Omission of locality axiom in some definitions of sheafs

algebraic-geometrysheaf-theory

I'm currently reading about sheaf theory and am confused about possible conflicting definitions of a sheaf. The common one I've come across in courses on Algebraic Geometry and also on Wikipedia is the following:
Let $\mathcal{F}$ be a presheaf of sets on a topological space $X$, $\mathcal{F}$ is a sheaf if it fulfills two additional conditions:

  1. Locality: Let $U = \bigcup_i U_i$ be an open cover, $s, t \in \mathcal{F}(U)$ be sections such that $\rho_{U_i}(s) = \rho_{U_i}(t) \forall i$,then $s=t$
  2. Gluing: Let $U = \bigcup_i U_i$, $s_i \in \mathcal{F}(U_i)$ be sections such that $\rho_{U_i\cap U_j}(s_i) = \rho_{U_i\cap U_j}(s_j) \forall i,j$, then $\exists s \in \mathcal{F}(U)$ with $\rho_{U_i}(s) = s_i \forall i$

However on the stacks project, only the gluing condition is mentioned.

I was wondering if there was a reason for this discrepancy and would appreciate any help!

Best Answer

The stacks project requires the glued section $s$ to be unique!

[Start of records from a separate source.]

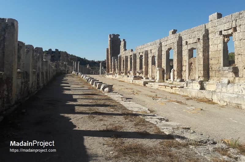 The Western Colonnaded Street of Perga, one of the city's two main arteries, is a roughly 460-meter-long, 8-meter-wide thoroughfare that runs from the main street intersection toward the Palaestra and Northern Baths. Lined with Corinthian or Ionic columns, these porticoes provided pedestrians with shaded walkways and served as a location for shops. Archaeologists conducting excavations along this route have revealed evidence of seismic damage and subsequent repairs, as well as the floors of the shops, including a notable mosaic depicting Agamemnon's sacrifice of Iphigenia. The opening of this street as a tourist route has provided visitors with a clear path toward other northern landmarks, such as the Northern Baths, completing a key section of the ancient city's urban plan.
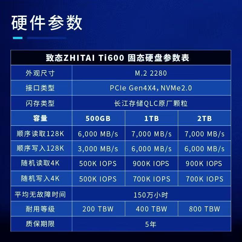 致态Ti600 1TB 2TB SSD固态硬盘M.2 NVME Pcie4.0台式机笔记本PS5
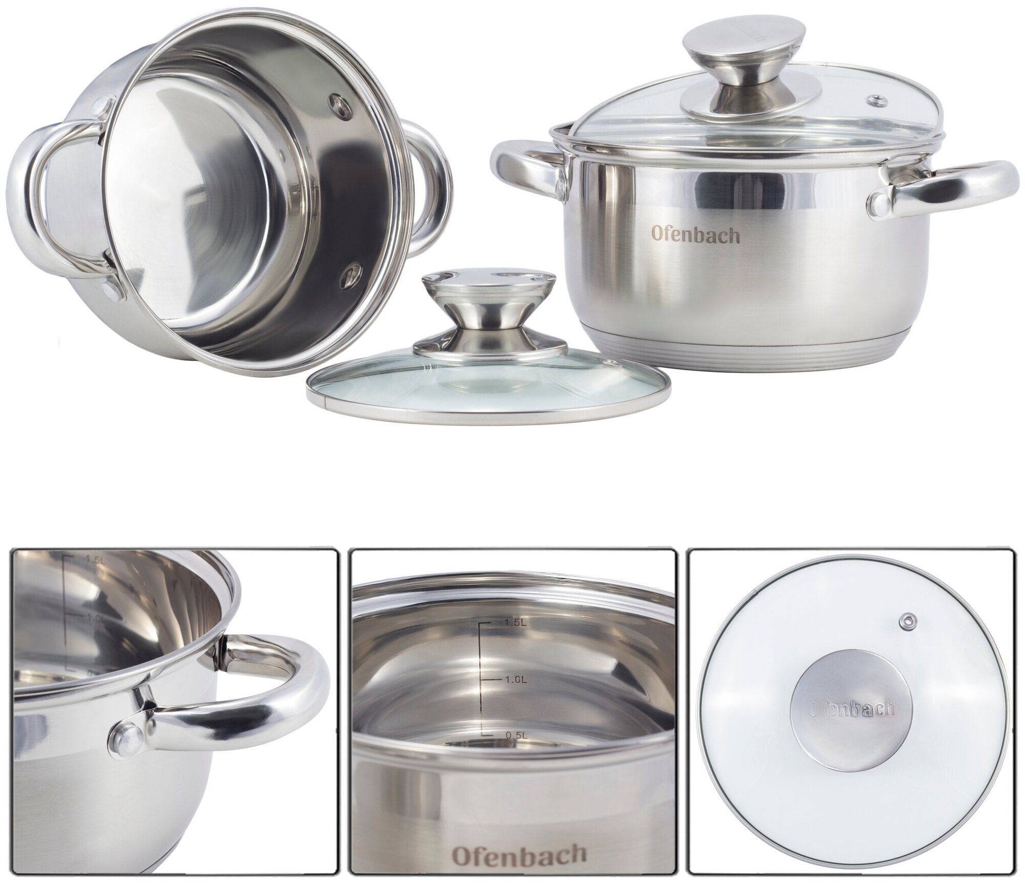Ниже Вы можете прочитать отзывы на Набор кастрюль 4 предмета (1,1л, 1,7л) из нержавеющей стали 926865, ознакомится с подробными характеристиками, посмотреть интересные обзоры и фотографии на Набор кастрюль 4 предмета (1,1л, 1,7л) из нержавеющей стали 926865.

This uniqueness corresponds to the locality condition, because both $s$ and $t$ are gluings of the local sections $\rho_{U_i}(s) = \rho_{U_i}(t)$, so the uniqueness implies $s = t$.

Conversely, the locality condition implies uniqueness, because two different gluings would contradict the locality by restriction.